Лес кончился, дальше был только снег. Кое-где попадалась поросшая мхом скала; снег не мог полностью ее покрыть, и она чернела среди бескрайней белизны. Ветер усилился и, казалось, застонал, долго и протяжно, затем начал завывать в каких-то неведомых глубоких пещерах; ночь и горы наполнились заунывным гулом. Орасио и Серафим шагали, опустив головы и сжав губы. Хлопья снега залепляли лицо, забивались за воротник. Крошечное пламя фонаря мерцало между четырьмя стеклянными стенками, то вытягиваясь кверху, то пригибаясь под ударами ветра.

Серафим ругал себя за то, что пошел. А Орасио думал, что ему повезло — в такую непогоду он в горах не один, а с Серафимом. Снег усиливался, ветер поднимал его с земли и швырял на людей.

Серафим остановился, укрывшись возле скалы:

— Лучше вернуться, — предложил он. — Мне бы надо быть там сегодня, но ничего из этого не получится…

— А я должен идти. Не могу не выйти на работу.

— В такую погоду мы никогда не доберемся. Нас засыплет снегом. Давай вернемся домой, а завтра утром выйдем…

— Хорошо бы, но не могу, я же тебе объяснил. Не могу прогуливать… А кроме того, распогодится. Вот увидишь…

Орасио боялся лишиться спутника; ему было страшно шагать одному сквозь эту ужасную ночь.

— Распогодится. А если нет, все равно пробьемся. Со мной это не впервые. Да и ты сколько раз уже попадал в метель!

Серафим не знал, как поступить. Всем известно, чего стоит пройти пешком от Мантейгаса до Алдейя-до-Карвальо даже в хорошую погоду. Человек добирается совершенно обессиленный. А в такую бурю и за шесть часов не дойдешь…

— Мне нужно быть там сегодня, очень нужно, — повторил Серафим. — Но дорога тяжелая… Давай все-таки вернемся! Пойдем завтра. Неужели ты не можешь пропустить день на работе? Ну а если бы ты заболел?..

Орасио подумал, что Серафим прав. Его тоже пугала эта страшная ночь, окутавшая горные дороги, она то стонала, то ревела… На мгновение он решил вернуться. Усесться у очага в родительском доме — как это было бы замечательно!
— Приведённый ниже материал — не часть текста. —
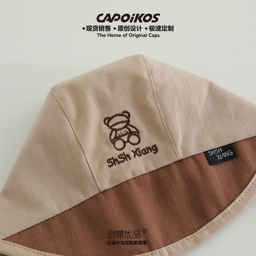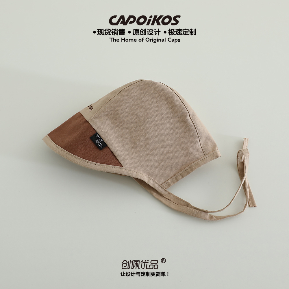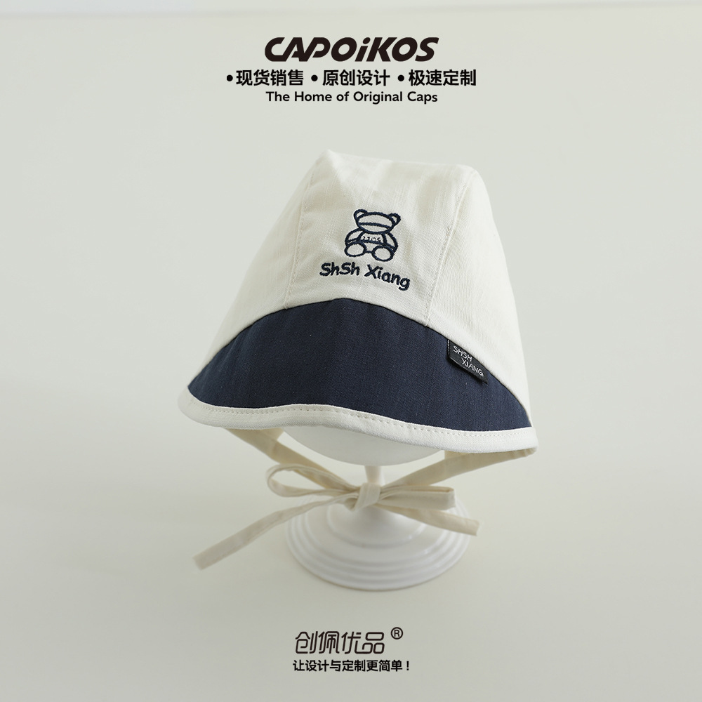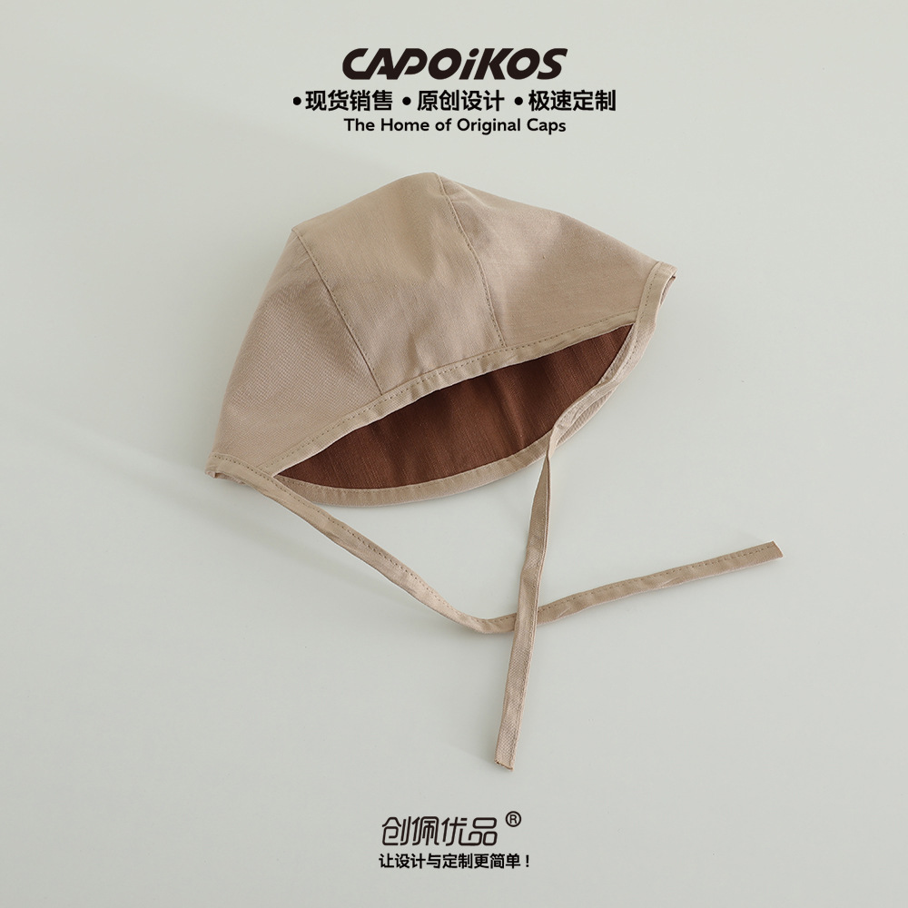儿童帽子批发春秋款卡通小熊防风包头帽男女宝宝防晒系带套头帽

Но тут же вспомнил о мастере. «Матеус не любит, когда не выходят на работу, даже по болезни. А если он узнает, что я не вышел только потому, что отправился в Мантейгас повидать возлюбленную, то рассердится не на шутку. Какое ему дело до меня и моей невесты!.. Он разозлится и будет еще долго держать меня в учениках, а мне нужно скорее стать рабочим. Рассчитывать же я могу только на Матеуса».